EXERCISE: Retype the opening lines of the listing below, ending with the line that contains "burgundy rectangle frame", and leave out any pictures.

ENTRIES SUPPLIED:
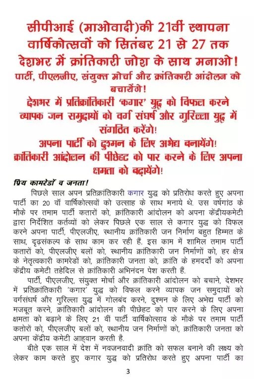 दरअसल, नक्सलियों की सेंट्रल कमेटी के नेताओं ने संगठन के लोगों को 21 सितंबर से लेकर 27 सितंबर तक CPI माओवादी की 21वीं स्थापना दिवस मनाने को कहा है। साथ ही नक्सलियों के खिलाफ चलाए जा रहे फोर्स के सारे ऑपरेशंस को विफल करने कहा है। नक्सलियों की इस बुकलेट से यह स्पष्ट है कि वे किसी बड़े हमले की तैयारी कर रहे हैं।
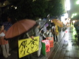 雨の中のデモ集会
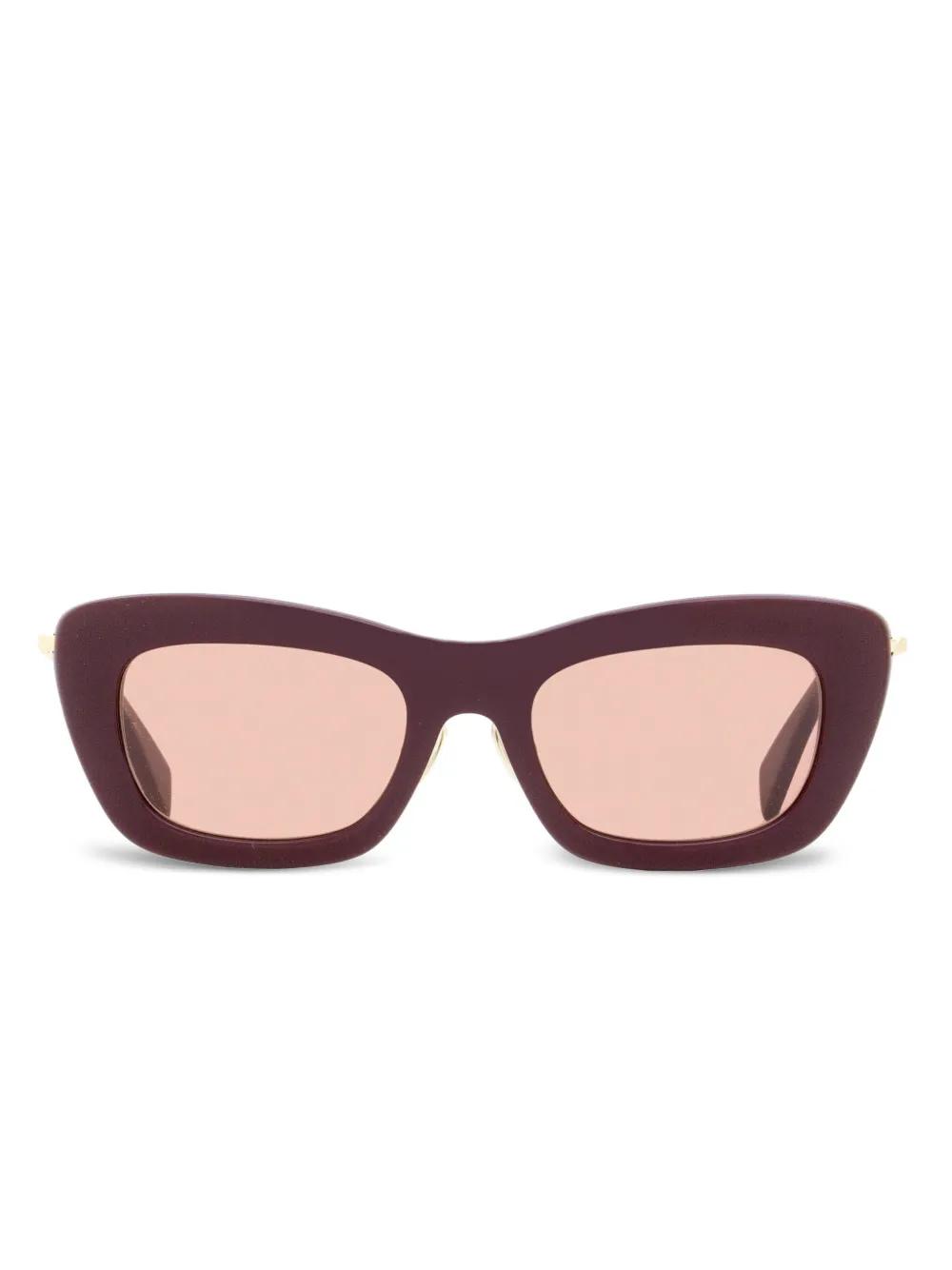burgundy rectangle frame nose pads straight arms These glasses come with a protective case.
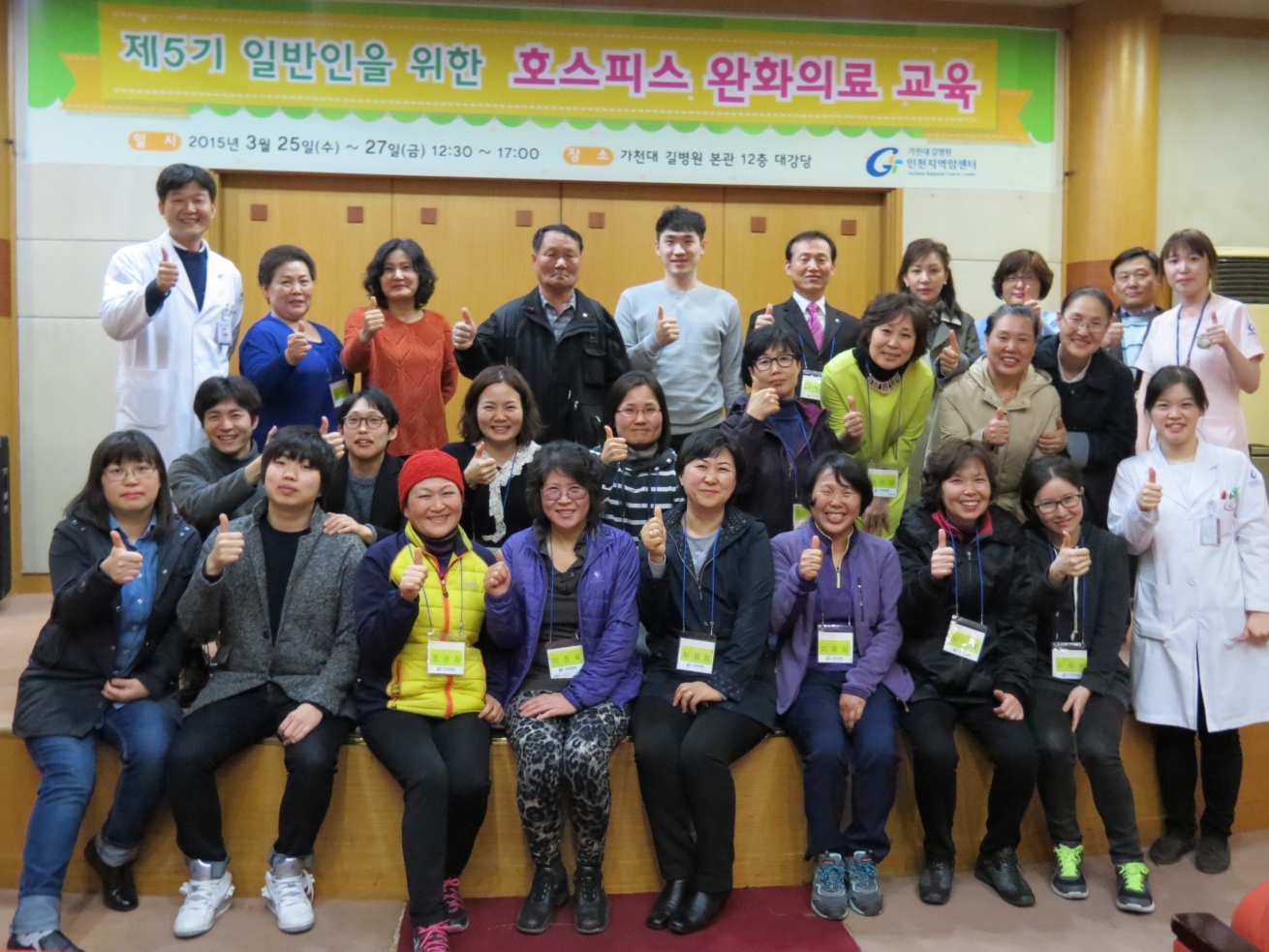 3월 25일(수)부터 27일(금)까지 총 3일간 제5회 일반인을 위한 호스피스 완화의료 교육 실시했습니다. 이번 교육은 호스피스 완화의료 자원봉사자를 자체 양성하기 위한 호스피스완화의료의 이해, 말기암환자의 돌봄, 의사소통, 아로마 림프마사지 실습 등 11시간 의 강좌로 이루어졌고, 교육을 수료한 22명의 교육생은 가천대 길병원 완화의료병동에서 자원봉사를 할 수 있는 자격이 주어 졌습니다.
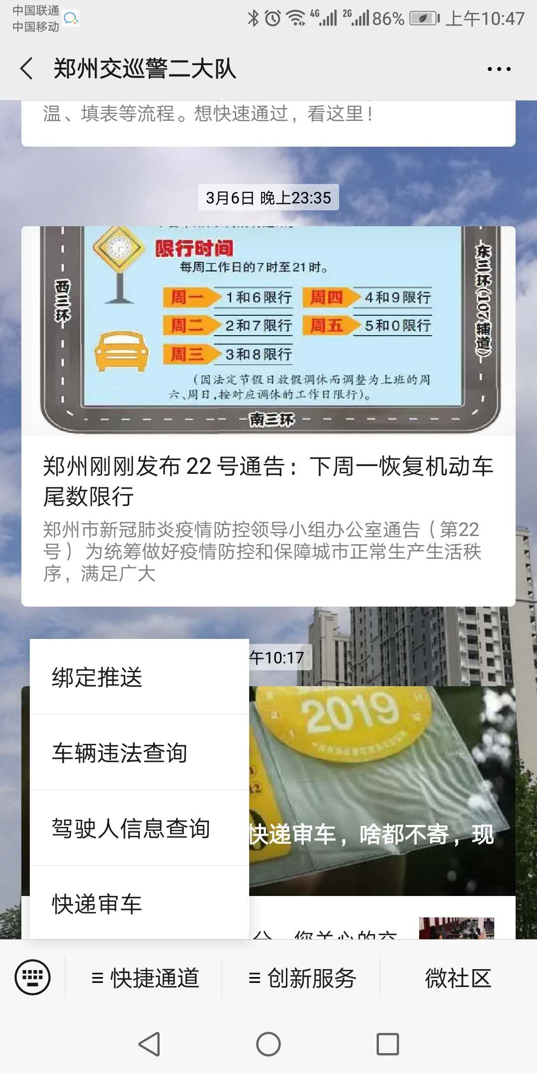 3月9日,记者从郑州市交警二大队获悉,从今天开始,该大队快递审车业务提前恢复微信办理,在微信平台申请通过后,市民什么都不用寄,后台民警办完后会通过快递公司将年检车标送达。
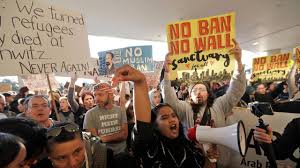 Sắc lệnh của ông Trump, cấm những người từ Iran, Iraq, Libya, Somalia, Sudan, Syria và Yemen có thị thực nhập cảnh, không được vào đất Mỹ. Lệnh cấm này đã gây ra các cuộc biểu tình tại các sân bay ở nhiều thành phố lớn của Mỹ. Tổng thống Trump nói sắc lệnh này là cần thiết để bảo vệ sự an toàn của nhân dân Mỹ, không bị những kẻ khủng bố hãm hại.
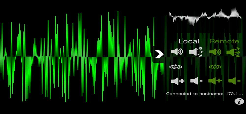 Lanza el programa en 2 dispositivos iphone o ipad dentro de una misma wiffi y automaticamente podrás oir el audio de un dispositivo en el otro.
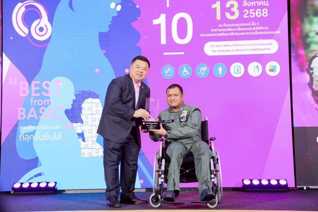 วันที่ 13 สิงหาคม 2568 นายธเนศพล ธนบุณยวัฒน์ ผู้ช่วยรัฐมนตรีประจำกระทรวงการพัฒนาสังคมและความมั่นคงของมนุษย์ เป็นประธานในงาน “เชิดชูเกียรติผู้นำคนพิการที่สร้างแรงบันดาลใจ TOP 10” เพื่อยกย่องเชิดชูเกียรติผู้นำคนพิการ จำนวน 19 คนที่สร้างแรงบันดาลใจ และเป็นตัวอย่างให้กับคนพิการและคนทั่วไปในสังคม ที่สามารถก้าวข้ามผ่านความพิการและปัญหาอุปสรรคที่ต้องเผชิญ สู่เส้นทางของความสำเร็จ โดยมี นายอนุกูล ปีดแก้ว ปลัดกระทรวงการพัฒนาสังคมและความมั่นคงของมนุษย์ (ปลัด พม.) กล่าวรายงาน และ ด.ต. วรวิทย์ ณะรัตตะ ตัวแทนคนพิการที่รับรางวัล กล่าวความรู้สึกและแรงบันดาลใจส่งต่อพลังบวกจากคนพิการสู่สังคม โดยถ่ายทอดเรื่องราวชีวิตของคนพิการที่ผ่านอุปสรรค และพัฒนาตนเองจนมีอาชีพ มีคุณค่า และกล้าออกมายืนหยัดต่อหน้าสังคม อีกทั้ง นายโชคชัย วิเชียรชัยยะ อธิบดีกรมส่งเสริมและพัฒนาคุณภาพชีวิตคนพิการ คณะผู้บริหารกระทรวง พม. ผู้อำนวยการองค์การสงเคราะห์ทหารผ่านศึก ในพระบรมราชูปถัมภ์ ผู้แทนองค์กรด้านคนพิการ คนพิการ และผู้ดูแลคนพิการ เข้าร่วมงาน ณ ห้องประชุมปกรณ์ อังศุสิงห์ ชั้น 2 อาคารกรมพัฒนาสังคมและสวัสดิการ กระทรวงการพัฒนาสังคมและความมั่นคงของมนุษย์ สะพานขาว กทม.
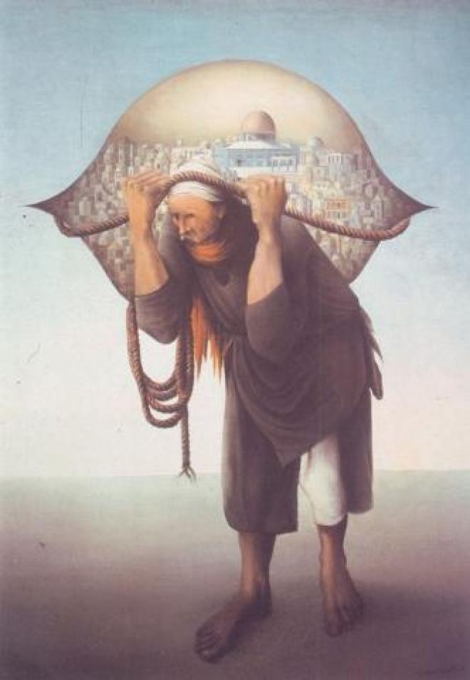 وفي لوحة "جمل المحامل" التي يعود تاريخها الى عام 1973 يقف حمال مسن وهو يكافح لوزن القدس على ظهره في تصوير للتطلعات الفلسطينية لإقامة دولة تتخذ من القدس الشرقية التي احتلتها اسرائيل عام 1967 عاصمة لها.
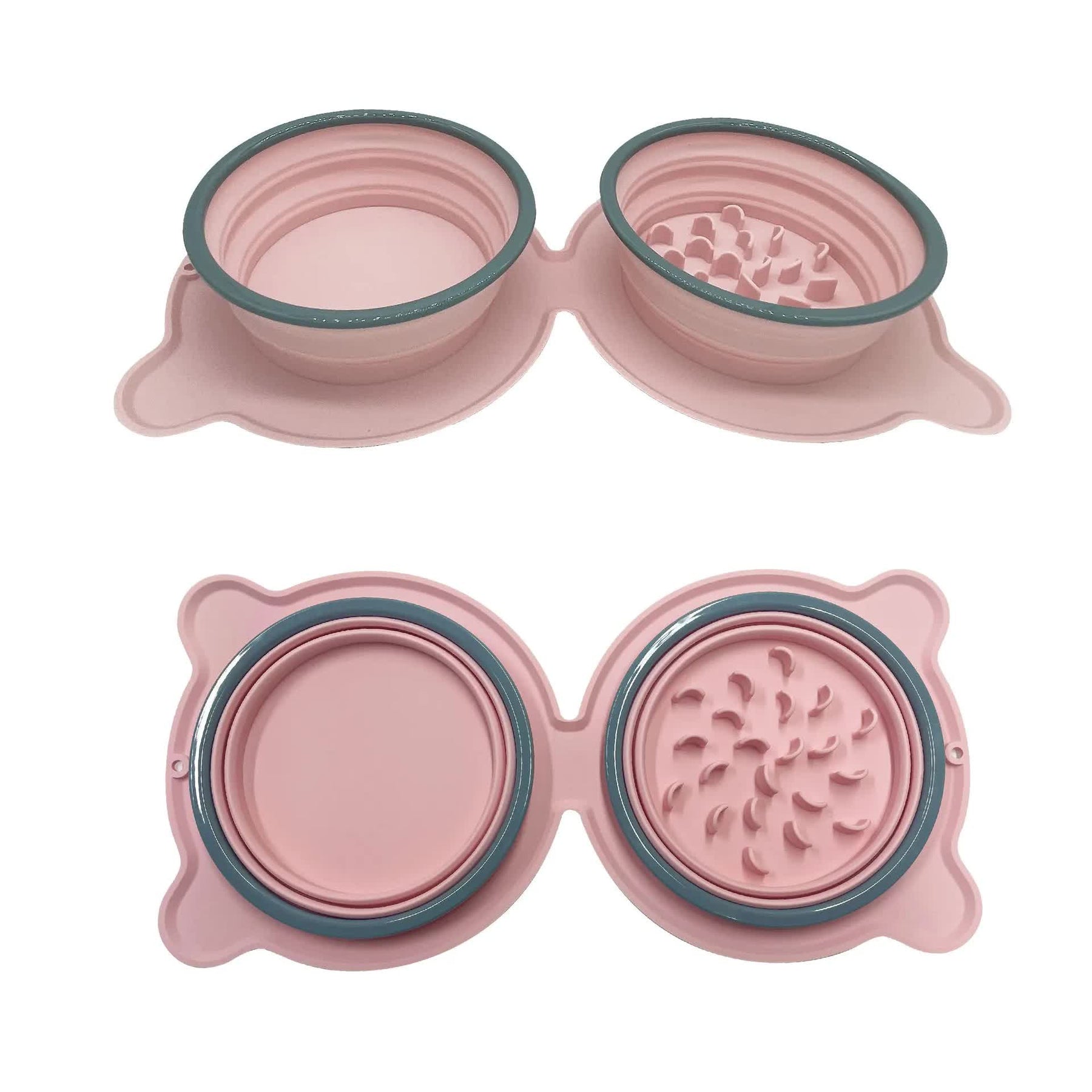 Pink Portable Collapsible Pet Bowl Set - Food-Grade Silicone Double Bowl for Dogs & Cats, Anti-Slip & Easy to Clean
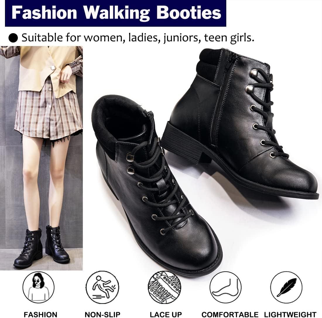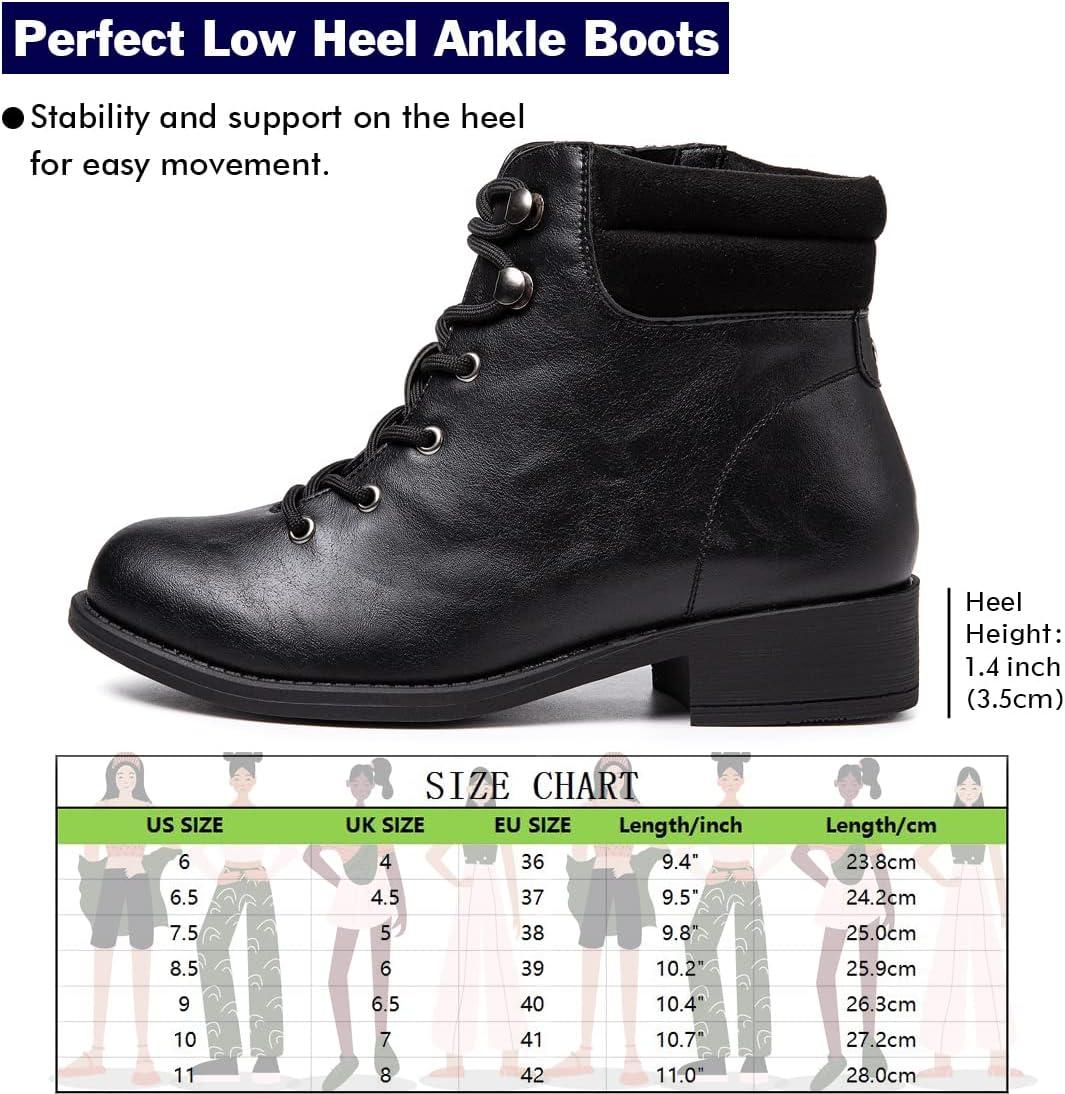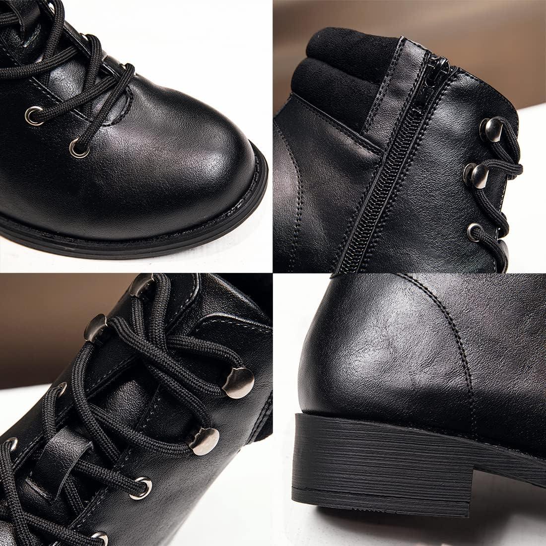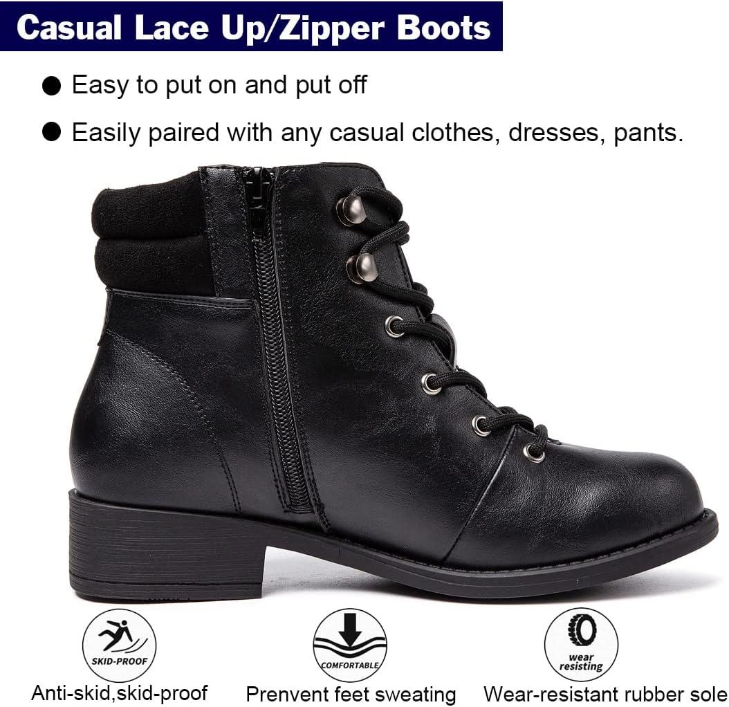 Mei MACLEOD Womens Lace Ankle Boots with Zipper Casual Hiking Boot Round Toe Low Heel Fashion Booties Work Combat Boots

ANSWER BELOW:
 दरअसल, नक्सलियों की सेंट्रल कमेटी के नेताओं ने संगठन के लोगों को 21 सितंबर से लेकर 27 सितंबर तक CPI माओवादी की 21वीं स्थापना दिवस मनाने को कहा है। साथ ही नक्सलियों के खिलाफ चलाए जा रहे फोर्स के सारे ऑपरेशंस को विफल करने कहा है। नक्सलियों की इस बुकलेट से यह स्पष्ट है कि वे किसी बड़े हमले की तैयारी कर रहे हैं।
 雨の中のデモ集会
burgundy rectangle frame nose pads straight arms These glasses come with a protective case.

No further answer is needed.